Егор‑хозяин остановился, переводя дух.
– Ф‑фу. Это все в самых общих чертах. К тому же наверняка я что‑нибудь упустил. Впрочем, неважно. Я думаю, у тебя уже сложилось некоторое впечатление о нашей игре.
– Да, сложилось, – кивнул Егор‑гость. – Игра у вас, конечно, грандиозная. Однако, все это сильно напоминает мне кое‑что. Нет ли у тебя информации о создателях этой игры?
– Фамилий я не знаю, но фирма‑разработчик называется Amber Corporation. – Произнеся название, Егор‑хозяин вдруг сдвинул брови. – Постой‑ка…

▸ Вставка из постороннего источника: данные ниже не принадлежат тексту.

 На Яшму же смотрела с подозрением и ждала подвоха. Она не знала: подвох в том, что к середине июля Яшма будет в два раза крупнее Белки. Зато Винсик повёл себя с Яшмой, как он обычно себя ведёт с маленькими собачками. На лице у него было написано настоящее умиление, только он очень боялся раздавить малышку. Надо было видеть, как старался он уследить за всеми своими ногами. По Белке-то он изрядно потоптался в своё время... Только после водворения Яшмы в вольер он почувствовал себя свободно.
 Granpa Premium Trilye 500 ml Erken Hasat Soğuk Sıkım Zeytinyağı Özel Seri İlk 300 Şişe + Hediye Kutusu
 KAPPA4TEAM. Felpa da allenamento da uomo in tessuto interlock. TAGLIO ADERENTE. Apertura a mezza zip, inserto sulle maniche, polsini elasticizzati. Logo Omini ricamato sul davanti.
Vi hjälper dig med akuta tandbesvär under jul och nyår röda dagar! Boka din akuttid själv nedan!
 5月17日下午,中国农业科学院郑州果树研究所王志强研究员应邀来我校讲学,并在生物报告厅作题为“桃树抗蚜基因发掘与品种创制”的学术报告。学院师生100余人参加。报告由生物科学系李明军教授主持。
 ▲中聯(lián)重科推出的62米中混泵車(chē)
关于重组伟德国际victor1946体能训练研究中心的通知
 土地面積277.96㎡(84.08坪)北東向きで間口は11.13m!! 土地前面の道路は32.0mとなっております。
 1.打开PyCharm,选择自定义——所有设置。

– Да‑да‑да, – покивал Егор‑гость. – Вот именно. Эмбер. Янтарь. Параллельные, которые все‑таки пересекаются.
– Есть многое на свете, друг Гораций, что и не снилось нашим мудрецам, – нараспев продекламировал Егор‑хозяин.
– Слова, слова, слова, – в тон ему добавил Егор‑гость. – Если не знаешь, что сказать, – в самый раз уцепиться за какую‑нибудь цитату из классики.
– Ага, – согласился Егор‑хозяин. – Издержки эрудиции. Иногда это даже бывает полезным – производит очень хорошее впечатление на девушек.
Егор‑гость по собственному опыту знал, как это верно.
– Кстати, о девушках, – сказал он. – А как у тебя дела в этом вопросе?
– Вопрос стоит, – кривовато усмехнулся Егор‑хозяин. Он помолчалнемного и все‑таки признался: – Я и сам не знаю: то ли есть у меня девушка, то ли уже нет… Мы поссорились недавно, и, самое странное, я даже не понимаю, из‑за чего.
– А ее, случайно, не Леной зовут? – со старательным безразличием поинтересовался Егор‑гость.
– Да‑а, – несколько удивившись, ответил Егор‑хозяин. – Откуда?.. А‑а, понимаю. И ты, значит, тоже…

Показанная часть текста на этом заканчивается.